= Action item =
Output the lines of the records below exactly, beginning at their first line and ending at the line with "- ~ Combine"; include no pictures.

= Data shown =
^^^^^^^^

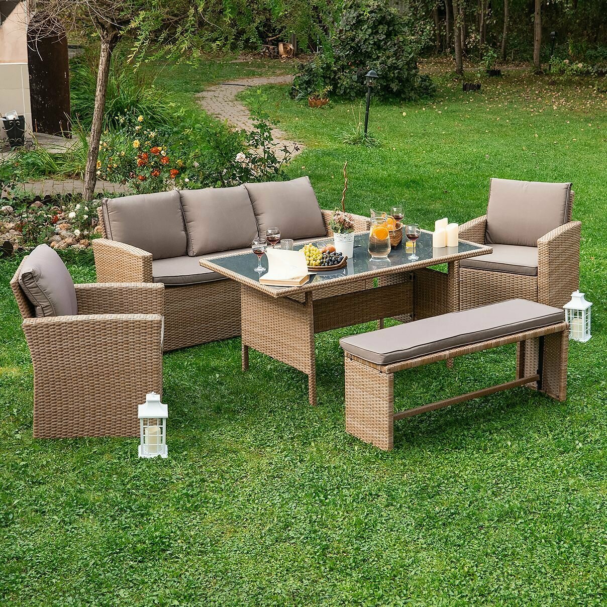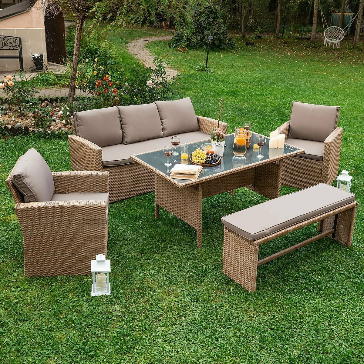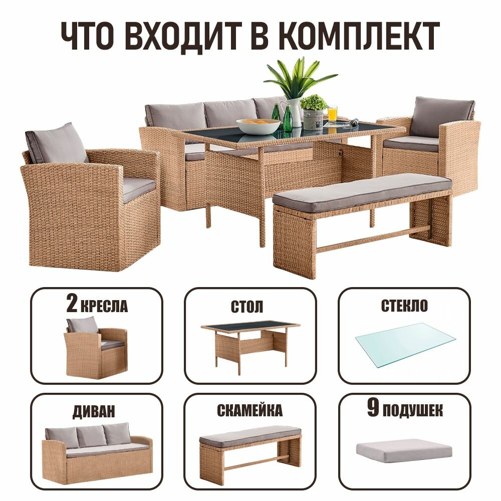| Комплектация | Трёхместный диван с подушками на сиденье и под спину; Два кресла с подушками на сиденье и под спину; Обеденный стол с закалённым стеклом 5мм; Скамейка с подушкой. Набор садовой мебели |
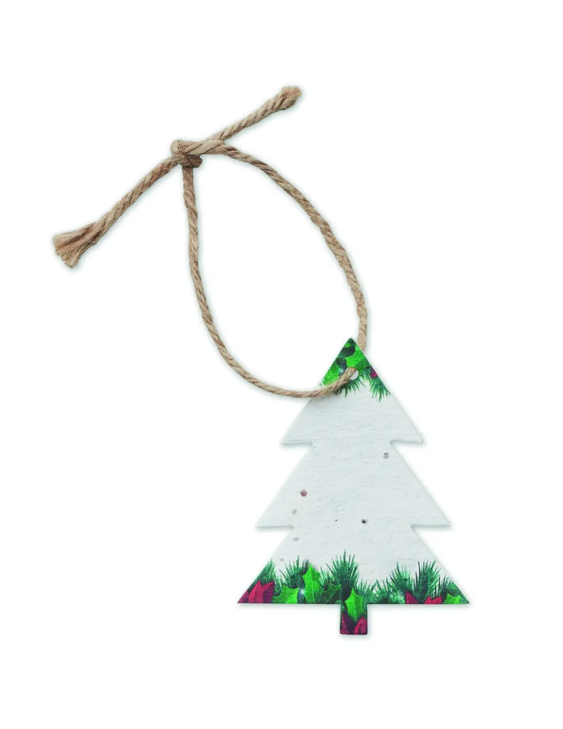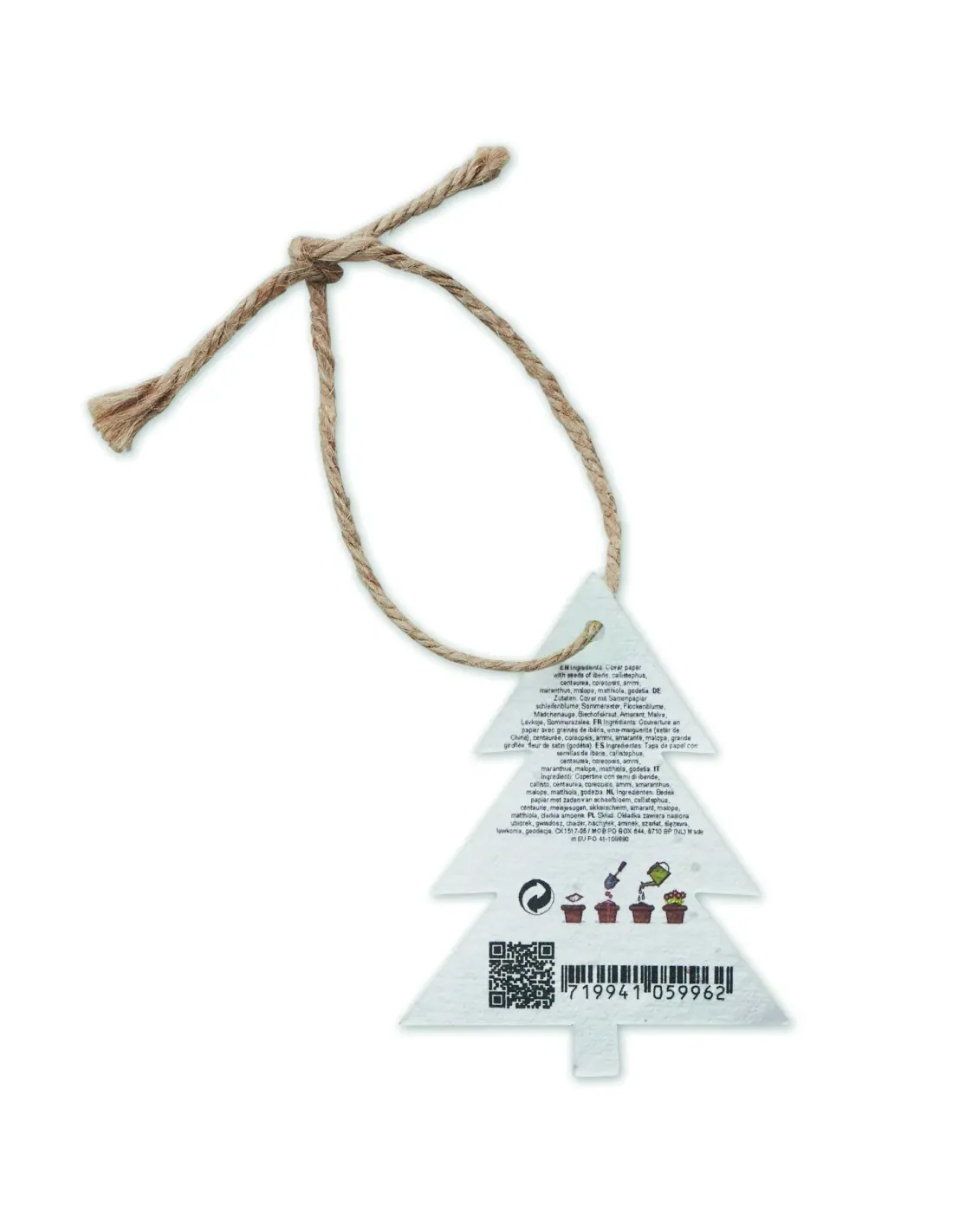 Adorno navideño hecho de papel de semillas en forma de árbol de Navidad de flores silvestres y cuerda de yute. Después de usarlo, planta el adorno y observa cómo crecen en tu jardín. Fabricado en la UE. Decora tu árbol de Navidad o tu casa con este adorno de papel. Después de las fiestas, puedes utilizar este adorno para cultivar una mezcla de flores silvestres en tu jardín. Un artículo realmente sostenible y reutilizado.
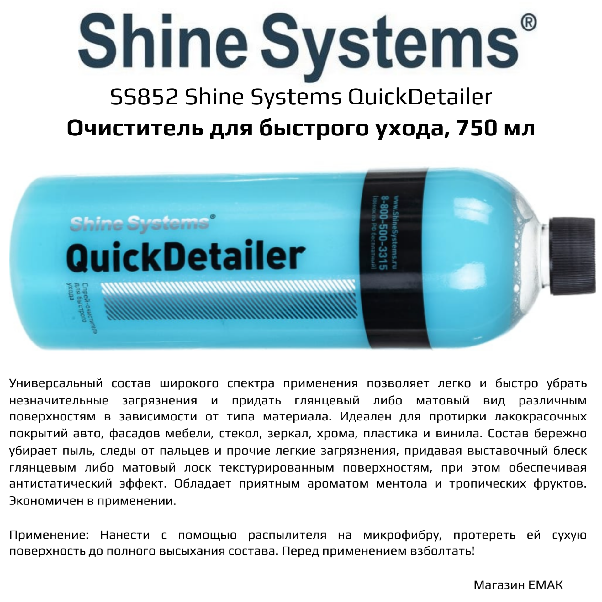 Shine Systems QuickDetailer — спрей-очиститель для быстрого ухода 750мл.
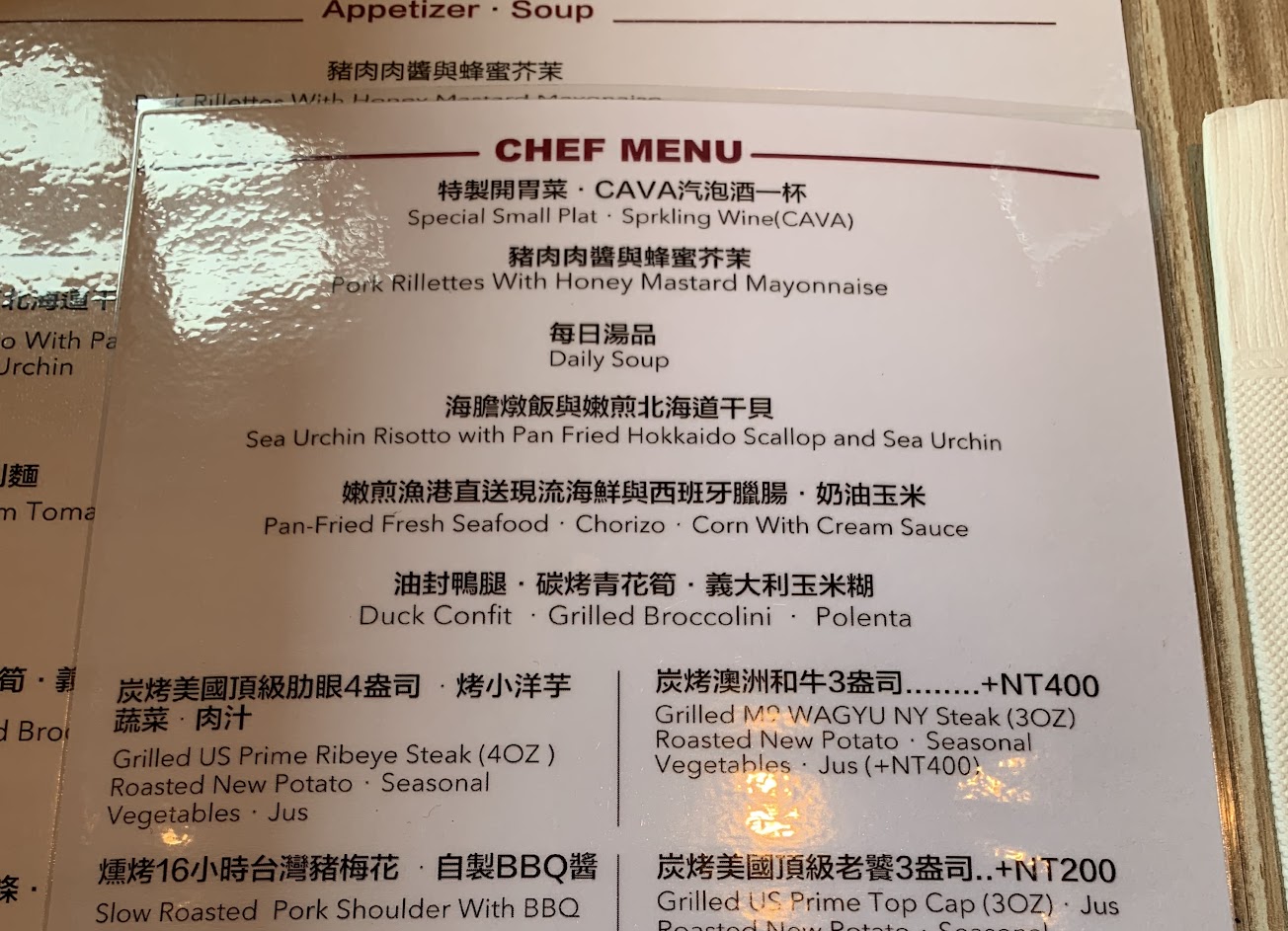 我們聖誕節預訂了1500/人的主廚私房菜,加一成後2人總共3300元,說是按照當日食材料理,我們可能期待也比較高;但到了現場發現所謂的私房料理當場用菜單點就有了,且全部用單點的還比較便宜;實際份量也沒有網路上部落客說的那麼cp值高,吃下來大概6分飽,完全踩雷感受。
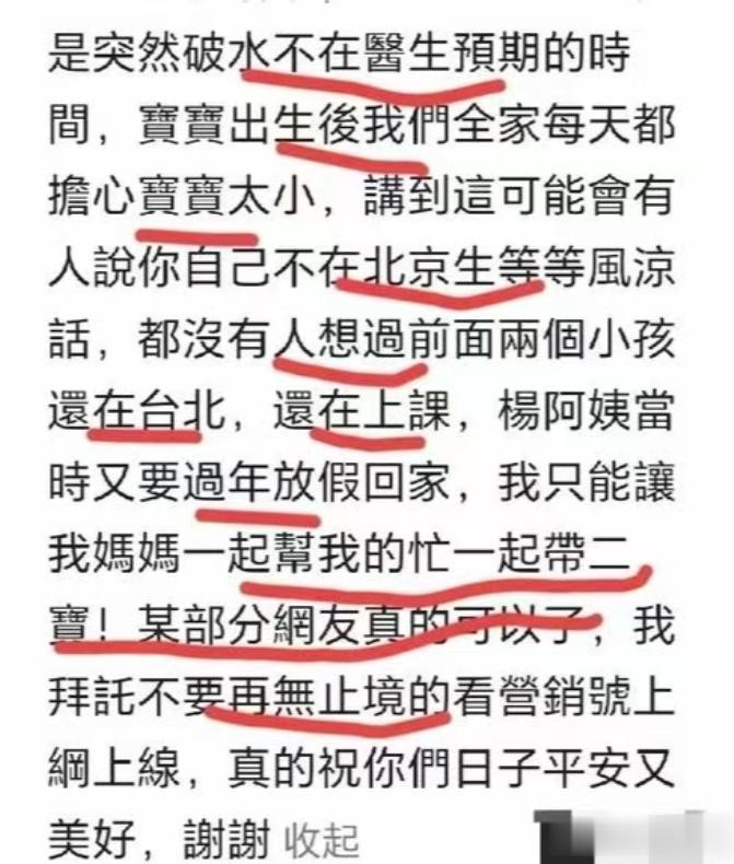 她给出的解释是孩子出生时让她猝不及防,羊水突然就破了,不在医生的预料之内,孩子如今太小了,担心回北京对孩子不好。
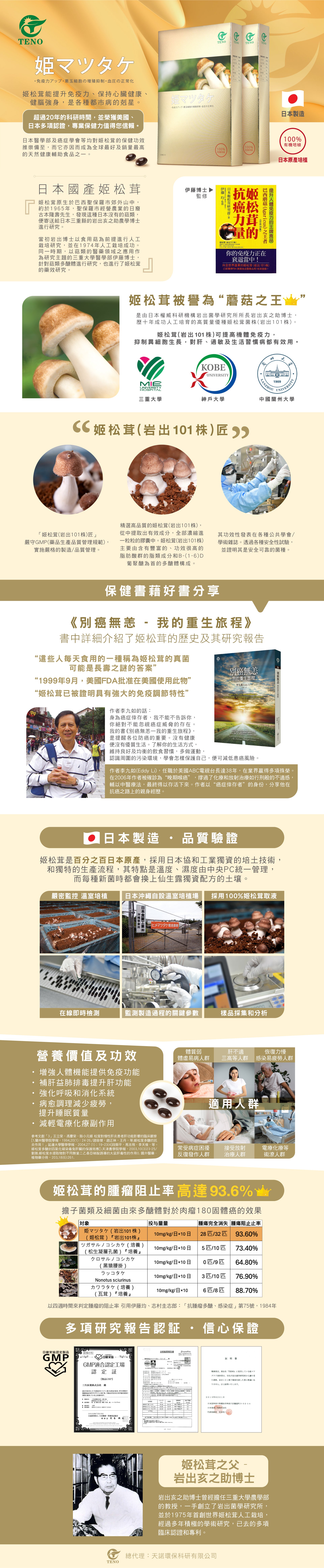 內含獨特的多醣體,經日本多項醫學報告証明,或有助提升人體免疫能力,大補元氣,維持心臟健康,健腦強身,是各種都市病的剋星。
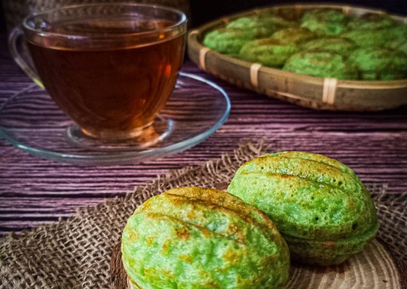 - ~ Combine flour, egg, coconut milk, pandan leaf water, salt and coloring. Mix well then strain the mixture.
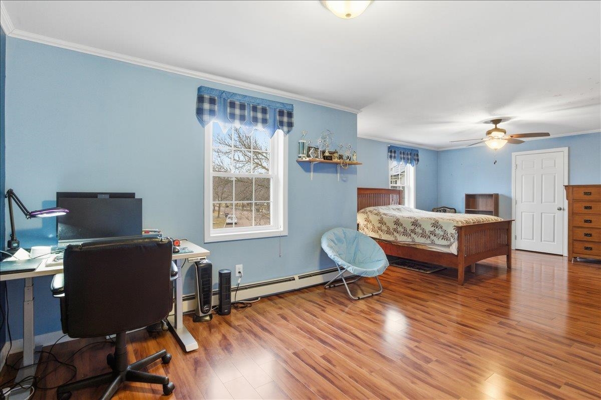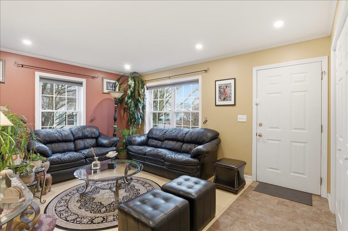 This meticulously maintained 4 bedroom home, built in 1998, offers plenty of living space on a generous 0.46-acre lot. The layout features a spacious primary suite with his and her closets and a private full bath, along with 2.5 bathrooms, including a convenient first floor half bath. The renovated kitchen is a true centerpiece, showcasing stainless steel appliances, a large extended island, and a generous pantry perfect for both everyday living and entertaining. Hardwood floors run throughout the home, complemented by upgraded recessed lighting and a cozy gas fireplace with a custom built-in TV feature in the living room. A standout feature is the all-season heated, east facing sunroom, offering year round enjoyment and natural light. The finished basement adds flexible bonus space, while a large fourth bedroom and additional enhancements like bedroom ceiling fans, new windows throughout most of the home, and a mini-split AC/heat system add comfort and efficiency. Exterior highlights include a front porch with Trex decking, a widened and freshly paved driveway in 2024, a backyard shed, and an attached 2-car insulated garage with a new insulated door. A new roof installed in 2024 provides added peace of mind. This home blends thoughtful upgrades, space, and functionality in a beautifully cared-for setting.
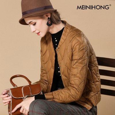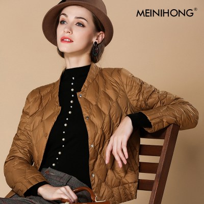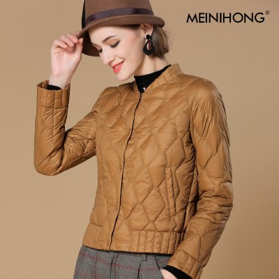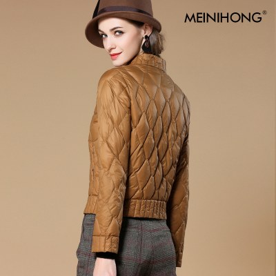 短款羽绒服女修身2021秋小个子秋冬款轻薄菱形格白鸭绒焦糖色外套
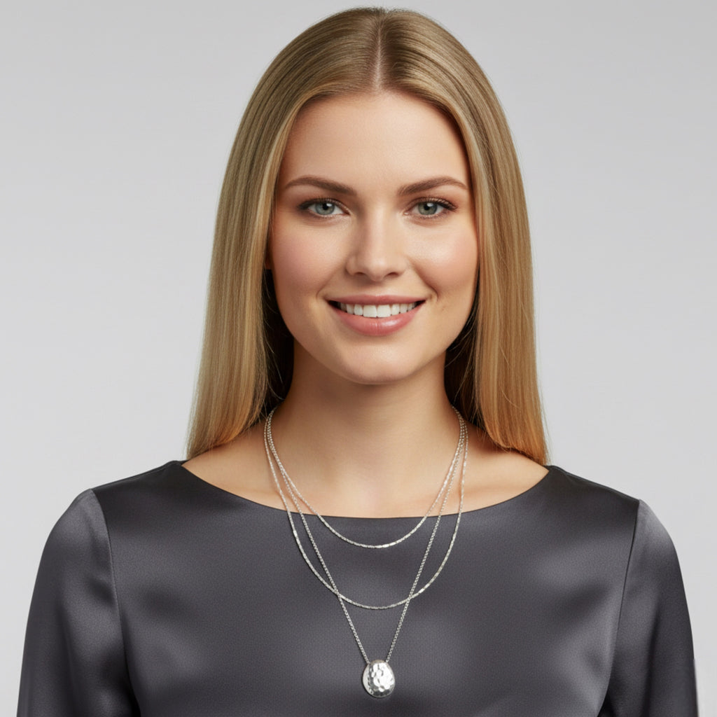 Artisanal Hammered Pendant: The longer necklace showcases a round, metallic medallion with a unique, organic hammered texture.
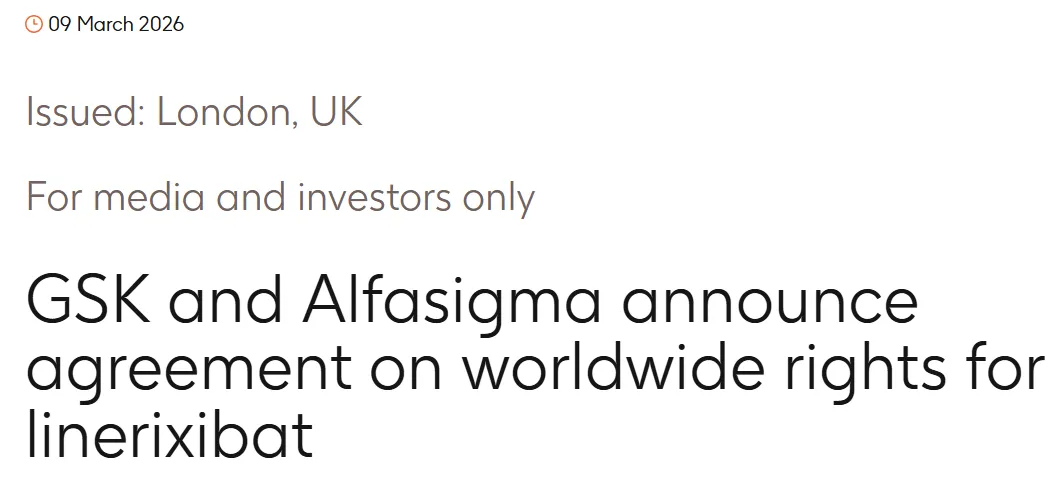 2026年3月9日,GSK宣布与Alfasigma达成合作。根据协议,Alfasigma将获得利奈昔巴特(linerixibat)在全球范围内的独家开发、生产和商业化权利。

^^^^^^^^

= Exercise solution =
| Комплектация | Трёхместный диван с подушками на сиденье и под спину; Два кресла с подушками на сиденье и под спину; Обеденный стол с закалённым стеклом 5мм; Скамейка с подушкой. Набор садовой мебели |
 Adorno navideño hecho de papel de semillas en forma de árbol de Navidad de flores silvestres y cuerda de yute. Después de usarlo, planta el adorno y observa cómo crecen en tu jardín. Fabricado en la UE. Decora tu árbol de Navidad o tu casa con este adorno de papel. Después de las fiestas, puedes utilizar este adorno para cultivar una mezcla de flores silvestres en tu jardín. Un artículo realmente sostenible y reutilizado.
 Shine Systems QuickDetailer — спрей-очиститель для быстрого ухода 750мл.
 我們聖誕節預訂了1500/人的主廚私房菜,加一成後2人總共3300元,說是按照當日食材料理,我們可能期待也比較高;但到了現場發現所謂的私房料理當場用菜單點就有了,且全部用單點的還比較便宜;實際份量也沒有網路上部落客說的那麼cp值高,吃下來大概6分飽,完全踩雷感受。
 她给出的解释是孩子出生时让她猝不及防,羊水突然就破了,不在医生的预料之内,孩子如今太小了,担心回北京对孩子不好。
 內含獨特的多醣體,經日本多項醫學報告証明,或有助提升人體免疫能力,大補元氣,維持心臟健康,健腦強身,是各種都市病的剋星。
 - ~ Combine flour, egg, coconut milk, pandan leaf water, salt and coloring. Mix well then strain the mixture.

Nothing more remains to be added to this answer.